The International Press Institute (IPI), a global network of editors, media executives and leading journalists for media freedom, today condemned an attempt by a leading Spanish politician to jail two journalists who revealed her alleged involvement in a fraud scandal.

In documents filed this week in court, the politician, Cristina Cifuentes, the former president of the Community of Madrid, accused the two journalists, eldiario.es Founder and Editor-in-Chief Ignacio Escolar and investigative journalist Raquel Ejerique, of aggravated disclosure of confidential information.

The criminal complaint seeks to jail Escolar and Ejerique for up to five years. It accuses the pair of having acted “blindly” in pursuit of a “valuable exclusive”.

Eldiario.es launched a series of reports on March 21, written by Ejerique, explaining how Cifuentes had allegedly obtained her master’s degree from Rey Juan Carlos University through fraud. The information published by the news site generated great public interest in Spain and put political pressure on Cifuentes, who eventually stepped down several weeks later following an unrelated shoplifting scandal. The reports also prompted a criminal investigation into Cifuentes for falsifying public documents and bribery.

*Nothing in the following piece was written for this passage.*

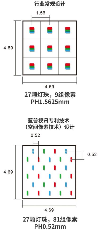 像素間距Pixel Pitch (mm),又稱點(diǎn)間距,指兩顆像素中心點(diǎn)之間的距離,常用P加距離表示,有時(shí)為強(qiáng)調(diào)顯示屏高清特性也有用PH加距離表示,一般以毫米為單位,并且與分辨率和屏幕尺寸密切相關(guān)。以P1.25(也作PH1.25)為例,表示像素距離約為1.25mm。較大的像素間距意味著單位面積內(nèi)像素點(diǎn)更少,分辨率更低;而較小的像素間距則能帶來更高的圖像分辨率和更好的視覺質(zhì)量。藍(lán)普視訊空間像素技術(shù)則可以在單位面積內(nèi)組成更多的像素點(diǎn),提高分辨率。

IPI Deputy Director Scott Griffen called the charges filed by Cifuentes a “blatant and clumsy attack on media freedom in Spain”.

“Pursuing a story is not a crime”, he said. “Ignacio Escolar and Raquel Ejerique are being targeted because they did their job. The court should dismiss this case quickly and with prejudice.”

The Madrid-based Platform in Defence of Free Expression (PDLI), an IPI partner, also condemned Cifuentes’s move. PDLI said it feared that the case may be an effort to expose the journalists’ source, “whose protection is one of the professional duties of journalists. In that case, it would be a serious attack on the constitutional right to inform and be informed and an unacceptable threat against investigative journalism.”

Earlier this year, an IPI special feature described the pattern by which Spanish politicians resort to unfounded legal actions against investigative journalists to stop their reporting.